===== DATASET EXCERPTS

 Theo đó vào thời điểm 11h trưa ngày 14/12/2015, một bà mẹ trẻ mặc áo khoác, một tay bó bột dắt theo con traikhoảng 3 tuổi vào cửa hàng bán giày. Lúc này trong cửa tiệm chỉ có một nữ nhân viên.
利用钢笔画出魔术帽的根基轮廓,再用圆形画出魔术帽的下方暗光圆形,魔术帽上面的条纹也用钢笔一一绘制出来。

==========
===== DATASET EXCERPTS

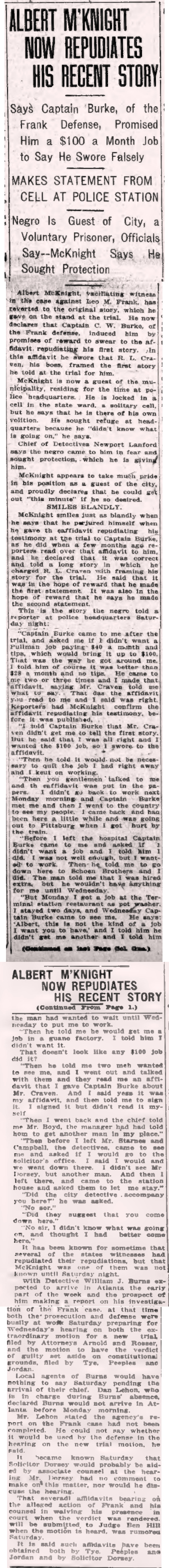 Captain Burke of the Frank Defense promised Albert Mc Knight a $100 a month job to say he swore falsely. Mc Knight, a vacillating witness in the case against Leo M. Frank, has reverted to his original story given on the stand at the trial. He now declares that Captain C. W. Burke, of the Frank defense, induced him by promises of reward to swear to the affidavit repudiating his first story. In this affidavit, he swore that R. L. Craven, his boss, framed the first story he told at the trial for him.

==========

__TASK DETAILS__:
All lines in the data above from the one with "Theo đó vào" through the one with "利用钢笔画出魔术帽的根基轮廓" must be repeated exactly, and no others.

__ANSWER TO THIS TASK__:
 Theo đó vào thời điểm 11h trưa ngày 14/12/2015, một bà mẹ trẻ mặc áo khoác, một tay bó bột dắt theo con traikhoảng 3 tuổi vào cửa hàng bán giày. Lúc này trong cửa tiệm chỉ có một nữ nhân viên.
利用钢笔画出魔术帽的根基轮廓,再用圆形画出魔术帽的下方暗光圆形,魔术帽上面的条纹也用钢笔一一绘制出来。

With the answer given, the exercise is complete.